40. A neural network system including: the memory medium according
to claims 39; and one or more processors coupled to the memory
medium according to claim 33 to enable the one or more processors
to execute the executable instructions contained in the memory
medium.
Description
CROSS-REFERENCE TO RELATED APPLICATION
[0001] This application is a non-provisional application claiming
priority to U.S. Provisional Patent Application No. 62/164,645,
filed on May 21, 2015, and incorporated by reference herein.
FIELD
[0002] Various aspects of the present disclosure may pertain to
various forms of neural network interconnection for efficient
training.
BACKGROUND
[0003] Due to recent optimizations, neural networks may be favored
as a solution for adaptive learning-based recognition systems. They
may currently be used in many applications, including, for example,
intelligent web browsers, drug searching, and identity recognition
by face or voice.
[0004] Fully-connected neural networks may consist of a plurality
of nodes, where each node may process the same plurality of input
values and produce an output, according to some function of its
input values. The functions may be non-linear, and the input values
may be either primary inputs or outputs from internal nodes. Many
current applications may use partially- or fully-connected neural
networks, e.g., as shown in FIG. 1. Fully-connected neural networks
may consist of a plurality of input values 10, all of which may be
fed into a plurality of input nodes 11, where each input value of
each input node may be multiplied by a respective weight 14. A
function, such as a normalized sum of these weighted inputs, may
outputted from the input nodes 11 and may be fed to all nodes in
the next layer of "hidden" nodes 12, all of which may subsequently
feed the next layer of "hidden" nodes 16. This process may continue
until each node in a layer of "hidden" nodes 16 may feed a
plurality of output nodes 13, whose output values 15 may indicate a
result of some pattern recognition, for example.
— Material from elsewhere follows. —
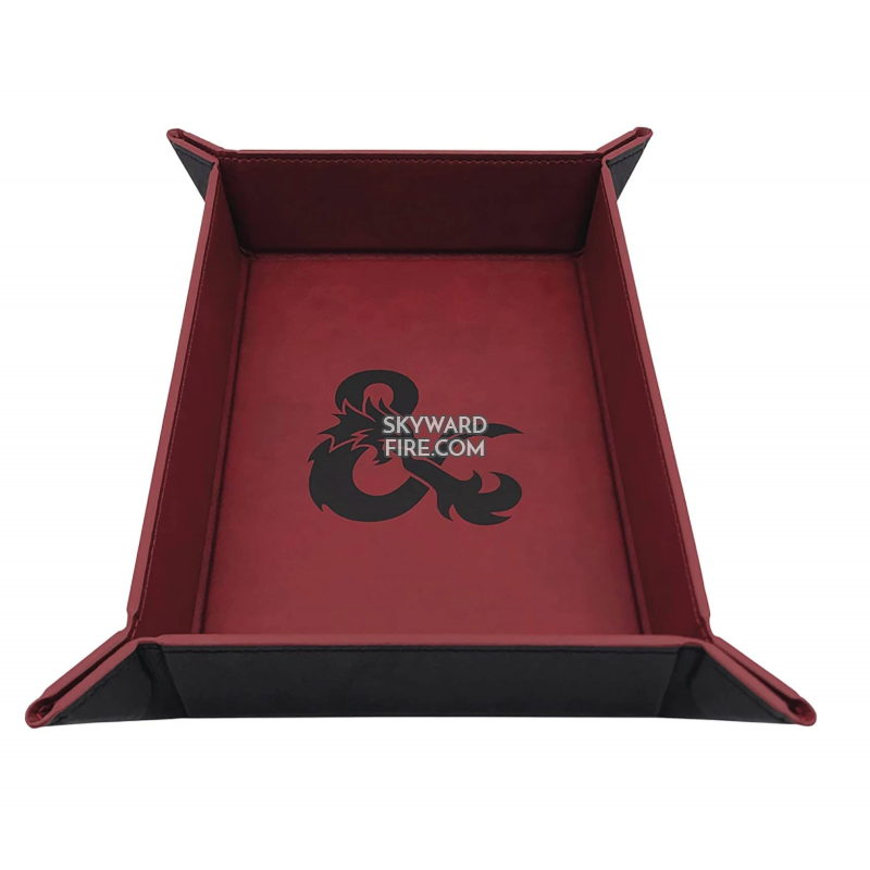 Ultra PRO’s Foldable Tray of Rolling for Dungeons & Dragons offers a safe and aesthetic space for rolling dice. These trays are no bigger than a sheet of paper when flat and utilize small magnets in each corner to easily pop up walls to keep dice under control when rolling - no bulky clasps or snaps needed! Store your dice rolling tray easily in your backpack or character folio. The Foldable Tray of Rolling is reversible! With one side a black leatherette material with a red foil Dungeons & Dragons logo, and the other featuring an inverted red leatherette with a high gloss black logo, the Foldable Tray of Rolling is the perfect addition to any gaming dungeon.

[0005] Multi-processor systems or array processor systems, such as
graphic processing units (GPUs), may perform the neural network
computations on one input pattern at a time. Alternatively, special
purpose hardware, such as the triangular scalable neural array
processor described by Pechanek et al. in U.S. Pat. No. 5,509,106,
granted Apr. 16, 1996, may also be used.
[0006] These approaches may require large amounts of fast memory to
hold the large number of weights necessary to perform the
computations. Alternatively, in a "batch" mode, many input patterns
may be processed in parallel on the same neural network, thereby
allowing the weights to be used across many input patterns.
Typically, batch mode may be used when learning, which may require
iterative perturbation of the neural network and corresponding
iterative application of large sets of input patterns to the
perturbed neural network. Furthermore, each perturbation of the
neural network may consist of a combination of error
back-propagation to generate gradients for the neural network
weights and cumulating the gradients over the sets of input
patterns to generate a set of updates for the weights.
[0007] As the training and verification sets grow, the computation
time for each perturbation grows, significantly lengthening the
time to train a neural network. To speed up the neural network
computation, Merrill et al. describe spreading the computations
across many heterogeneous combinations of processors in U.S. patent
application Ser. No. 14/713,529, filed May 15, 2015, and
incorporated herein by reference. Unfortunately, as the number of
processors grows, the communication of the weight gradients and
updates may limit the resulting performance improvement. As such,
it may be desirable to create a communication architecture that
scales with the number of processors.
SUMMARY OF VARIOUS ASPECTS OF THE DISCLOSURE
[0008] Various aspects of the present disclosure may include
scalable structures for communicating neural network weight
gradients and updates between a root processor and a large
plurality of neural network workers (NNWs), each of which may
contain one or more processors performing one or more pattern
recognitions (or other tasks for which neural networks may be
appropriate; the discussion here refers to "pattern recognitions,"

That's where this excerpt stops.